Former subdivision of Chernivtsi Oblast, Ukraine

Novoselytsia Raion (Новоселицький район, Raionul Noua Suliță /ro/) was a raion (administrative district) in Chernivtsi Oblast, (province) in the west of Ukraine. The western part of its territory lied in the historical region of Bukovina, the eastern part in Bessarabia, while one village (Boianivka) was part of the Hertsa region. The center of the raion was the city of Novoselytsia. The raion was abolished on 18 July 2020 as part of the administrative reform of Ukraine, which reduced the number of raions of Chernivtsi Oblast to three. The area of Novoselytsia Raion was split between Chernivtsi and Dniester Raions. The last estimate of the raion population was

==History and population==
According to the 2001 Ukrainian Census, the raion's population was 87,241. The ethnical composition by self-identification was as follows:

| Ethnicity | Ukrainians | Russians | Romanians | Moldovans | Other | Total |
| Population | 29,703 | 1,235 | 5,904 | 50,329 | 290 | 87,461 |

In Novoselytsia Raion, among the 50,329 self-identified Moldovans (57.54%), 47,585 (54.54%) self-identified their language as Moldovan and 2,264 as Romanian (2.6%) according to the Ukrainian census of 2001; there were also 29,703 self-identified Ukrainians (35.05%), 5,904 Romanians (6.77%), 1,235 Russians (1.42%), and 290 others (0.29%).

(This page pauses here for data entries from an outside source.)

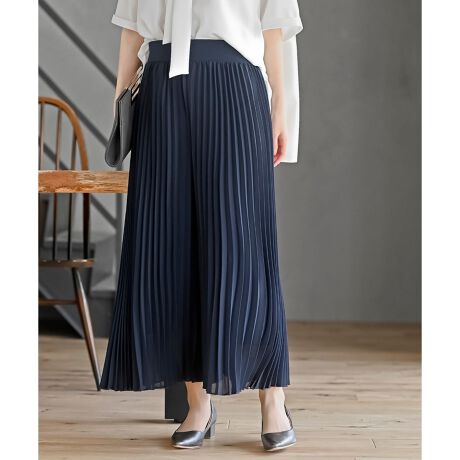 プリーツシフォンが動くたびに華やかに揺れるガウチョパンツ。
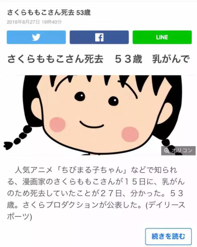 2018年11月21日日本人氣漫畫《櫻桃小丸子》是很多七、八年級生的童年記憶,當時只是覺得好玩,並未參透小丸子的人生歪理,長大後才發現她說的都很有道理,小丸子豁達的心胸也是作者櫻桃子內心的真實寫照,但就在今年的8月15日,傳來了櫻桃子因乳腺腫瘤離開的噩耗,日本各界人士都前來出席了她的告別儀式,看過這部動畫的網友們也都表示非常難過。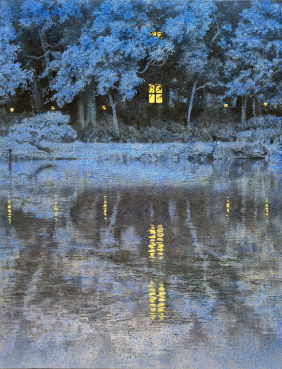 | Description | Encre de Chine, pigments japonais et feuille d'argent sur carton japonais |

Novoselytsia raion, within its boundaries at that time, had 87,241 inhabitants in 2001, including 34.08% Ukrainian-speakers, 64% Romanian-speakers, and 1.78% Russian-speakers. In the last Soviet census of 1989, out of 86,771 inhabitants, 28,207 declared themselves Ukrainians (32.51%), 585 Romanians (0.67%), 55,669 Moldovans (64.16%), and 1,639 Russians (1.89%). The decline in the number (from 55,669 to 50,329) and proportion of self-identified Moldovans (from 64.16% to 57.54%) was explained by a switch from a census Moldovan to a census Romanian ethnic and linguistic identity, and has continued after the 2001 census. By contrast, the number of self-identified ethnic Romanians has increased (from 585 to 5,904), and so has their proportion of the population of the former raion (from 0.67% to 6.77%), and the process has continued after the 2001 census. In 2001, this was Ukraine's only raion in which an absolute majority of the population was recorded by the census as having a Moldovan identity, and one of two (the other one is the Reni Raion in the Odesa Oblast) in which those having a Moldovan identity are the largest group. In the early years of the 21st century, there was a higher birth rate in the localities with a Romanian identity population, and out-migration from most of the localities with a Moldovan identity majority, and also from the predominantly Ukrainian villages. In 2001, this was one of two raions in Ukraine that was mostly Romanian-speaking; the other one was the overwhelmingly ethnically Romanian neighboring Hertsa Raion.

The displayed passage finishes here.